Changing diets yes. Changing driving habits, not really. Personal use of
passenger vehicles accounts for a tiny fraction of transportation related CO2
emissions. The overwhelming majority comes from cargo ships and associated
logistics.

A typical cargo ship will burn about 30 liters of bunker fuel (far more
polluting than diesel) to travel 1 meter. 15 typical cargo ships emit as much
CO2 as all cars on the planet combined. There are about 15,000 such ships
operating today, with a further 30,000 slightly smaller ones. A single cruise
ship company like Carnival Cruise emits more CO2 than all of Europe's car's
combined.

Even if the entire world converted to zero-emission EVs overnight, it wouldn't
make a meaningful dent in these numbers.

The inconvenient truth is that in order to make a serious dent on
transportation related CO2 emissions, the entire developed world would have to
give up its lavish lifestyle of internationally shipped products and foods.
Sadly a harder sell then 'drive an EV to save the planet lol', so our
governments continue to focus on inconsequential but easily attainable
measures.
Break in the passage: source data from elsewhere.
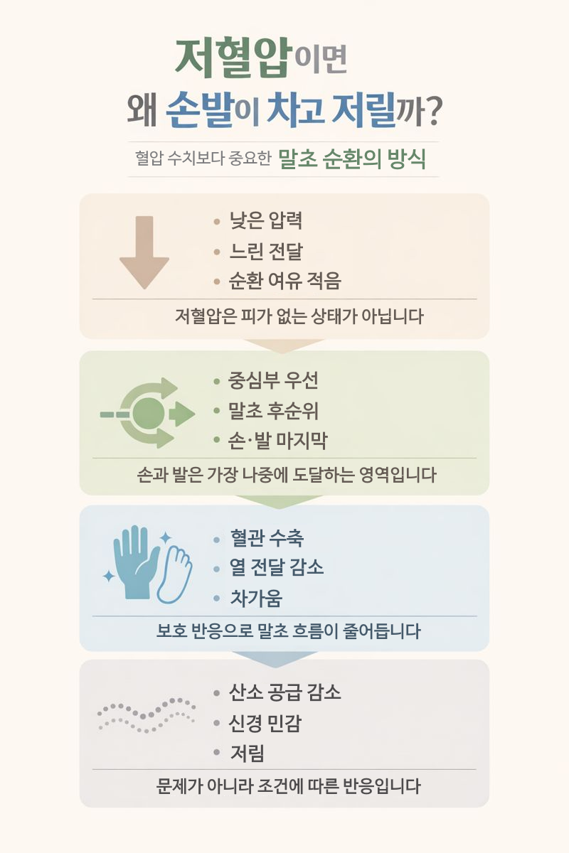 아래 대표글을 먼저 읽어보셔도 좋습니다.👉 [손발이 차고 저리고 붓는 이유|저혈압·말초순환·밤 증상 정리]
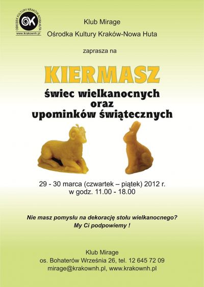Klub Mirage Ośrodka Kultury Kraków-Nowa Huta (os. Bohaterów Września 26) zaprasza na kiermasz niepowtarzalnych świec ręcznej roboty.
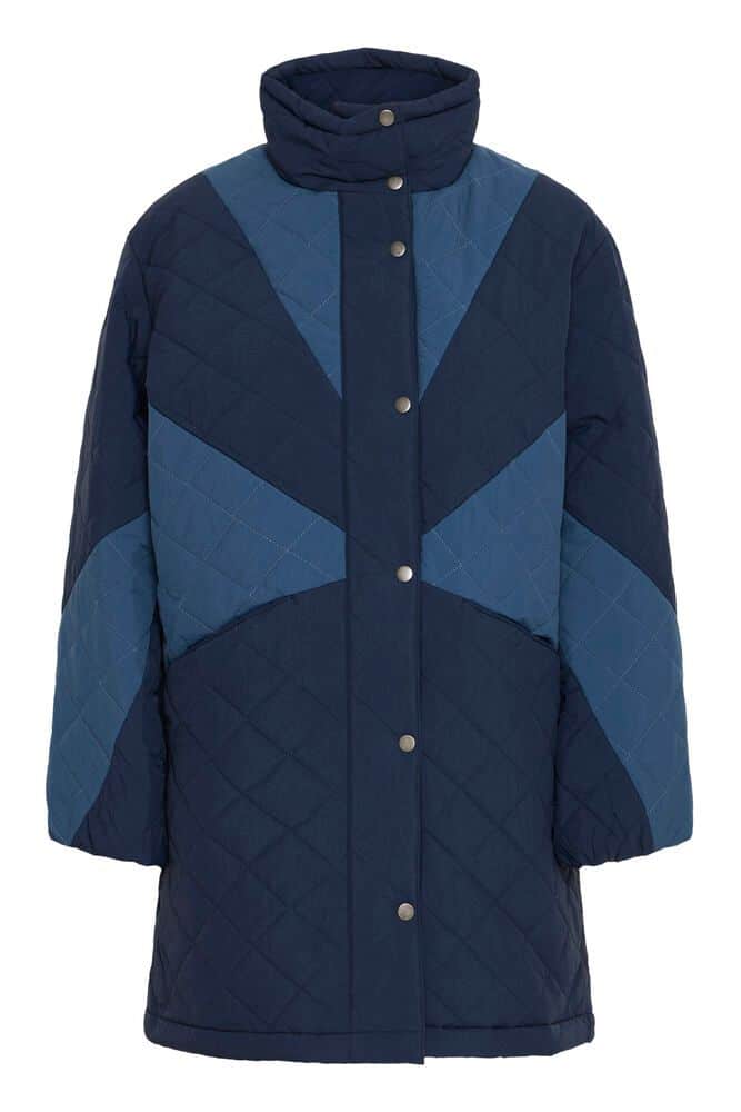Skøn vatteret jakke med knap lukning. Høj hals der holder dig lun. Denne fine jakke har lommer foran. Passer godt ind her i efteråret, og lidt senere når det er mere koldt, så brug en lækker strik inden under
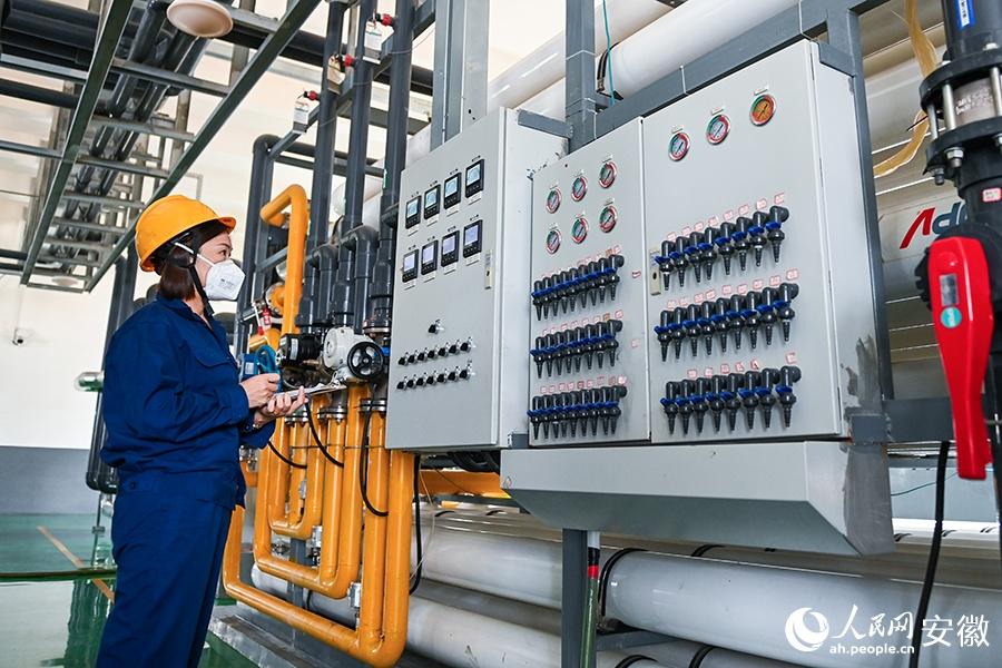 A worker checks on sewage treatment equipment at Tianying Technology Park in Jieshou, Fuyang, east China's Anhui Province. (People's Daily Online/Miao Zijian)

And that is nothing to say of the fact that cutting down
international shipping is at odds with free market capitalism that's driving
our civilisation.

Fun fact: bulk carrier shipping is so cheap that in Australia, locally caught
fish are shipped to China for processing and freezing and then shipped back
here for retail. The pollution associated with this alone is more than the sum
pollution of all Australian cars.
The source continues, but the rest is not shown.